Prolog

30 3 0
                                    

Pagi yang begitu dingin. Awal tahun baru yang disambut dengan hujan dan awan kumulus nimbus pekat yang memeluk langit dengan kuat. Hembusan angin semilir menambah suhu kian meminus dan menusuk tulang. Daun-daun kering saling bergesekan, membuat suara khas yang terkesan menyeramkan. Ilham merutuki dirinya sendiri. Ia tidak memperkirakan cuaca akan seburuk ini, dan ia begitu malas mengenakan jaket atau sesuatu yang dapat menghangatkan tubuhnya. Ia nyaman dengan kemeja merah bata dan jeans biru yang terlihat sedikit lusuh membalut tubuh jangkung nya.

Beberapa lembaran dokumen di dalam map yang telah ia siapkan untuk berangkat ke kampus ia letakkan begitu saja di atas meja besar.

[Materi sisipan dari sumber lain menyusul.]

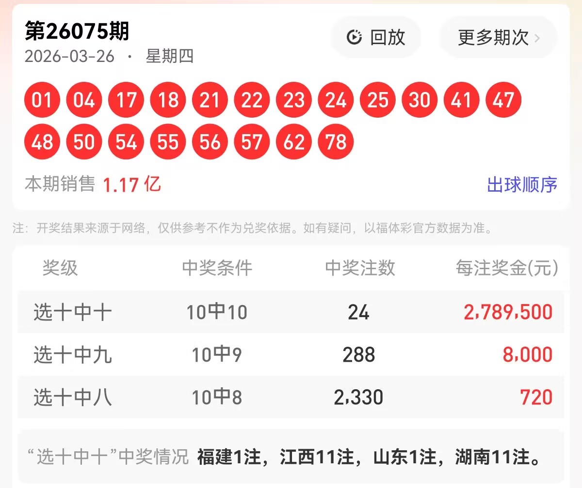 上期福彩快乐8第 2026075期开奖号码为【01 04 17 18 21 22 23 24 25 30 41 47 48 50 54 55 56 57 62 78】,其中大小比10:10,奇偶比为9:11,和值为733,跨度77,四区间比为4:6:8:2。下面是对本期对于每个号码的详细分析。

Ilham berjalan menuju piano kesayangannya, ia menatap pada tuts tuts piano yang berjajar rapi di hadapannya sekarang, menghadap dinding kaca yang begitu besar terlihat cuaca yang semakin gelap, dengan tatapan sedikit rindu, Ilham mulai menekan satu tuts piano dengan lembut. Memainkan nya sesuai dengan isi hatinya. Piano yang diberikan oleh mama nya saat ia berumur 12 tahun tepat di hari ulang tahunnya adalah obat rindu, ia belajar piano sudah lebih dari 10 tahun secara otodidak, cita cita pertamanya adalah menjadi pianis terkenal seperti yang ia lihat di beberapa acara televisi.

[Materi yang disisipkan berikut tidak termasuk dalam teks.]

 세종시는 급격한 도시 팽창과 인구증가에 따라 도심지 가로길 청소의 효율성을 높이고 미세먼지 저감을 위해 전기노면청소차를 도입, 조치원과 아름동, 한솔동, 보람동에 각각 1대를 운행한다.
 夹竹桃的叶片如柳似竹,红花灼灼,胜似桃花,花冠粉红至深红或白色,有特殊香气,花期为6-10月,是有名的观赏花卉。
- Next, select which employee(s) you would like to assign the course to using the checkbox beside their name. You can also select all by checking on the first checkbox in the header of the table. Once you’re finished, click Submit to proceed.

Menjadi pribadi yang begitu dingin dan tertutup dengan orang lain membuatnya nyaman untuk tetap berteman dengan sebuah piano elegan yang sekarang tengah ia mainkan.

Tak lama terdengar lantunan musik klasik yang keluar dari piano itu, terdengar lembut namun juga bertenaga. Sangat lembut dan juga berperasaan. Kesan lagu yang misterius dan tersembunyi terasa pada lantunan nada nya. Ini lah Ilham, mencoba memberi tahu pada isi dunia bahwa hidup adalah teka teki.

***

Tentang sebuah kisah dua manusia dengan sisi yang lain. Memendam rasa bukanlah perkara yang mudah, seperti ingin keluar dari jalurnya. Saga melupakan sejenak tentang sebuah rasa hormat pada papa nya.

Saga memberanikan diri setelah sekian tahun mencoba mengumpulkan sebuah keyakinan. Setelah sekian lama ia mencari pendukung dari apa yang akan ia lakukan. Dan pada akhirnya keberanian itu muncul tepat pada waktunya namun dengan keadaan yang salah. Keyakinan itu adalah bahwa ; ia benar-benar kehilangan apa yang selama ini dimiliki setiap keluarga utuh, cinta dan kasih sayang.

Saga memasuki rumah megah yang menjadi tempatnya tumbuh sejak kecil. Ia mendengar suara piano yang dimainkan Ilham kakaknya sejak dari pintu masuk.

"Baru balik? Dari mana?" Ilham yang menyadari kehadiran adiknya menghentikan permainannya.

"Kampus." Saga menuju kamar dan tak lama ia sudah kembali dengan tambahan jaket merah maroon di tubuhnya.

"Kemana lagi?" tanya Ilham.

"Jalan, sama Erin."

"Hujan," ucap Ilham.

"Terus?. Kenapa?. Hujan air, kan?"

Semenjak mama dan papa nya berpisah, Saga Ravenda tumbuh menjadi pribadi yang tidak ingin di larang, hidupnya harus bebas sebebas bebasnya, terkadang sifatnya bertolak belakang dengan Ilham kakaknya. Sudah belasan tahun ia hidup bersama kakaknya. Sifat dingin Ilham membuat Saga paham betul apa isi hati kakaknya yang sesungguhnya.

Lelaki yang nyaris sempurna itu keluar rumah tanpa persetujuan dari Ilham. Kulitnya yang putih, tubuh yang jangkung serta hidup serba cukup, membuat Saga selalu menjadi pusat perhatian orang orang terutama kaum wanita. Hanya karena wajahnya yang terlihat tidak ramah, banyak wanita yang hanya menatapnya kagum tanpa berani mendekatinya, belum lagi mobil mewah selalu menemaninya kemana pun dia pergi semakin membuat Saga terlihat sempurna di mata kaum hawa.